═════ DATA EXCERPT ═════

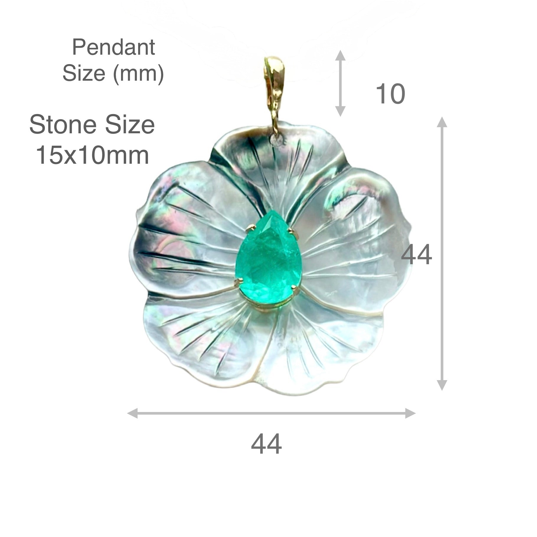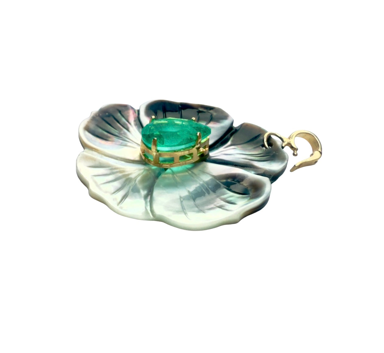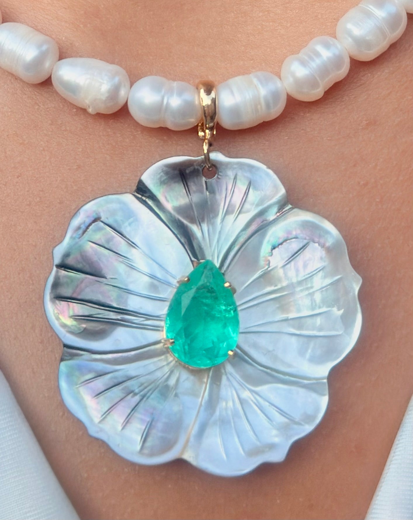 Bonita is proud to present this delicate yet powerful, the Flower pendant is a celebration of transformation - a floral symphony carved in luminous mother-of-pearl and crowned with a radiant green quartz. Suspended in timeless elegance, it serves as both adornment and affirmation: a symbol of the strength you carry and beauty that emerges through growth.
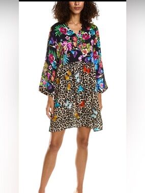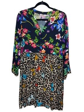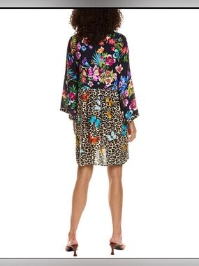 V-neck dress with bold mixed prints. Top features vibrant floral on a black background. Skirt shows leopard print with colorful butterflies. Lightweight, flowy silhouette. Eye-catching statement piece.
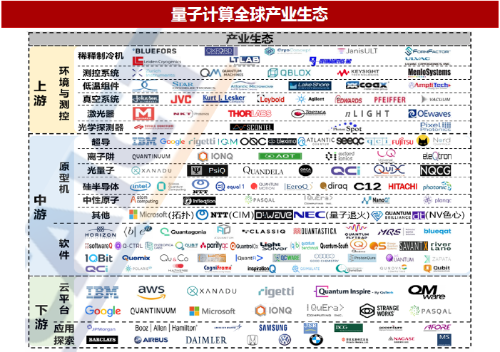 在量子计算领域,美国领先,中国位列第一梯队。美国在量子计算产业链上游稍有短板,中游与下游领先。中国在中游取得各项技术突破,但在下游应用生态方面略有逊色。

═════

TASK DETAILS:
Write out each line again, exactly as it appears above, except for any picture.

ANSWER SPACE:
 Bonita is proud to present this delicate yet powerful, the Flower pendant is a celebration of transformation - a floral symphony carved in luminous mother-of-pearl and crowned with a radiant green quartz. Suspended in timeless elegance, it serves as both adornment and affirmation: a symbol of the strength you carry and beauty that emerges through growth.
 V-neck dress with bold mixed prints. Top features vibrant floral on a black background. Skirt shows leopard print with colorful butterflies. Lightweight, flowy silhouette. Eye-catching statement piece.
 在量子计算领域,美国领先,中国位列第一梯队。美国在量子计算产业链上游稍有短板,中游与下游领先。中国在中游取得各项技术突破,但在下游应用生态方面略有逊色。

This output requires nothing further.